[Aim of the task] Please output the records below in full, exactly as given, but without the images.

[Provided data]
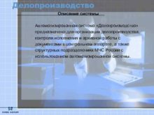Делопроизводство Описание системы Автоматизированная система Делопроизводство предназначена для
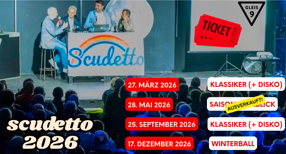 Gleis 9 (ehemals RIFF) im Bermuda-Dreieck; Einlass: 18.30h, Beginn: 19.30h / VVK / 20 Jahre SCUDETTO im Gleis 9 (RIFF) – unzählige besondere Momente und wie immer tolle Gäste!
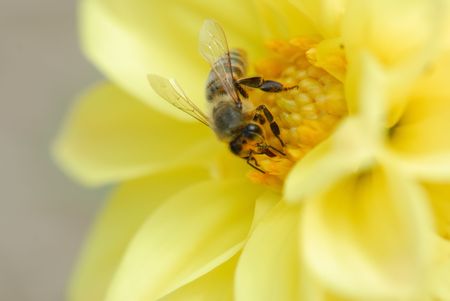 Bee on a yellow flower. Macro. Shallow depth of field.
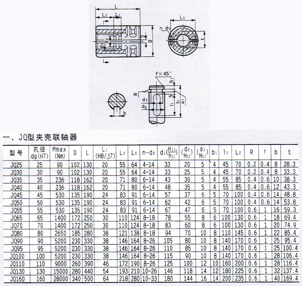 JQ型夾殼聯(lián)軸器外形尺寸參數(shù),JQ型夾殼聯(lián)軸器適用于立式擺線針輪減速機架I型軸頭與反應(yīng)器攪拌軸頭的聯(lián)接.
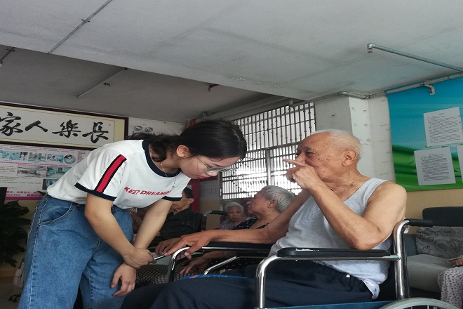7月16日,队伍全体成员带着慰问品来到金色阳光护老院,与爷爷奶奶们进行聊天、按摩等活动,带来欢声笑语; 17日—20日,不同小组成员分别为老人进行了保健活动、手指操教学、播放医学小视频、大扫除以及制作香囊赠予老人们。7月28日,队伍成员再次集体来到护老院,表演太极拳、手指操等,讲述党的光辉,医学的趣事,为老人们敲腿捶背,获得老人一致好评。
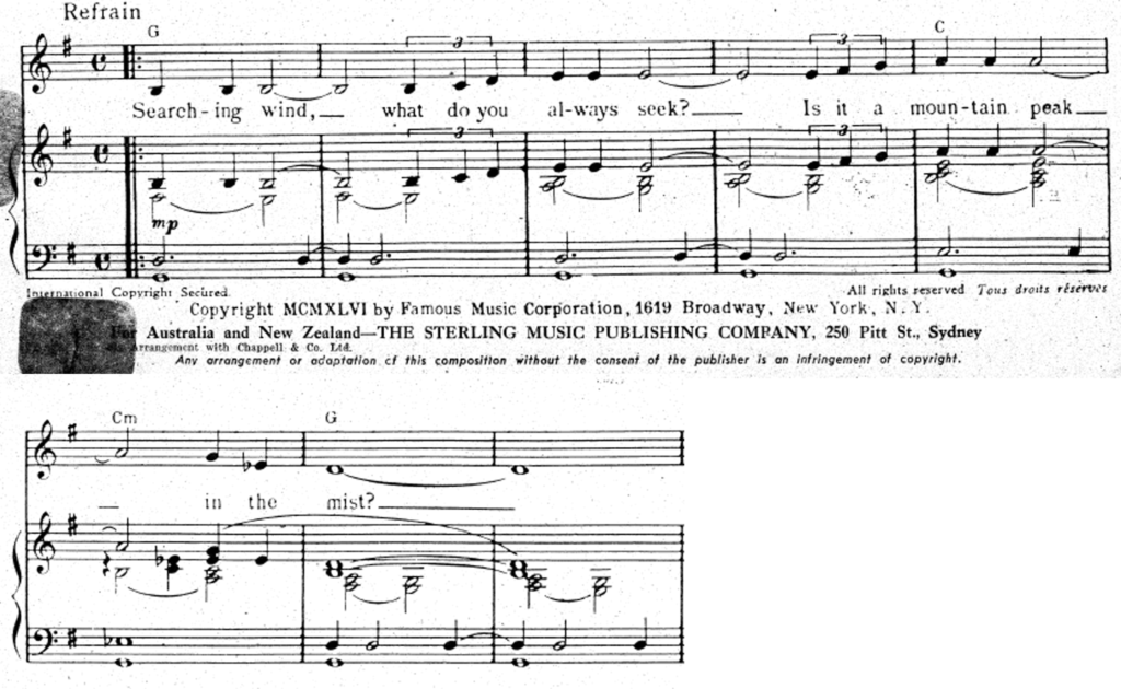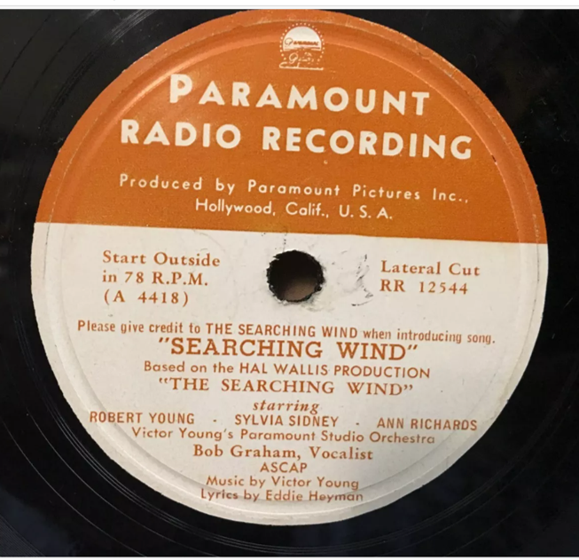 An American, career diplomat, looks back on his mistakes at the end of WW2. Starring Elm St. neighbor Robert Young, with Sylvia Sydney, and Ann Richards, The Searching Wind, produced by Paramount Pictures in 1946, gave inspiration for Victor Young to write a beautiful love theme. This was quickly released with lyrics written by Eddie Heyman. The first eight measures of the Refrain are shown below, but I have omitted the introductory Verse. The YouTube link is to a playlist with three versions of the theme, in which the listener can hear how it was originally composed and orchestrated for the film, and released as a vocal solo performed by Dick Haymes and later as an instrumental featuring a Tommy Dorsey trombone solo, accompanied by Victor Young’s orchestra for Decca. If you are not familiar with the voice and style of Dick Haymes, you are in for a treat. One other vocalist, Bob Graham, is known from a Paramount Radio Recording record label (see below). Interestingly, the ASCAP song registry doesn’t list ANY performers for this song. It seems safe to conclude that this is a relatively unknown Victor Young song, one that I hope will be revived in the future. If you follow the YouTube link and listen to all three versions, please ‘vote’ in the poll of this Newsletter page to indicate which version you prefer. If you have the Bob Graham or other recordings, please send them to me.

[Response to this exercise]
Делопроизводство Описание системы Автоматизированная система Делопроизводство предназначена для
 Gleis 9 (ehemals RIFF) im Bermuda-Dreieck; Einlass: 18.30h, Beginn: 19.30h / VVK / 20 Jahre SCUDETTO im Gleis 9 (RIFF) – unzählige besondere Momente und wie immer tolle Gäste!
 Bee on a yellow flower. Macro. Shallow depth of field.
 JQ型夾殼聯(lián)軸器外形尺寸參數(shù),JQ型夾殼聯(lián)軸器適用于立式擺線針輪減速機架I型軸頭與反應(yīng)器攪拌軸頭的聯(lián)接.
7月16日,队伍全体成员带着慰问品来到金色阳光护老院,与爷爷奶奶们进行聊天、按摩等活动,带来欢声笑语; 17日—20日,不同小组成员分别为老人进行了保健活动、手指操教学、播放医学小视频、大扫除以及制作香囊赠予老人们。7月28日,队伍成员再次集体来到护老院,表演太极拳、手指操等,讲述党的光辉,医学的趣事,为老人们敲腿捶背,获得老人一致好评。
 An American, career diplomat, looks back on his mistakes at the end of WW2. Starring Elm St. neighbor Robert Young, with Sylvia Sydney, and Ann Richards, The Searching Wind, produced by Paramount Pictures in 1946, gave inspiration for Victor Young to write a beautiful love theme. This was quickly released with lyrics written by Eddie Heyman. The first eight measures of the Refrain are shown below, but I have omitted the introductory Verse. The YouTube link is to a playlist with three versions of the theme, in which the listener can hear how it was originally composed and orchestrated for the film, and released as a vocal solo performed by Dick Haymes and later as an instrumental featuring a Tommy Dorsey trombone solo, accompanied by Victor Young’s orchestra for Decca. If you are not familiar with the voice and style of Dick Haymes, you are in for a treat. One other vocalist, Bob Graham, is known from a Paramount Radio Recording record label (see below). Interestingly, the ASCAP song registry doesn’t list ANY performers for this song. It seems safe to conclude that this is a relatively unknown Victor Young song, one that I hope will be revived in the future. If you follow the YouTube link and listen to all three versions, please ‘vote’ in the poll of this Newsletter page to indicate which version you prefer. If you have the Bob Graham or other recordings, please send them to me.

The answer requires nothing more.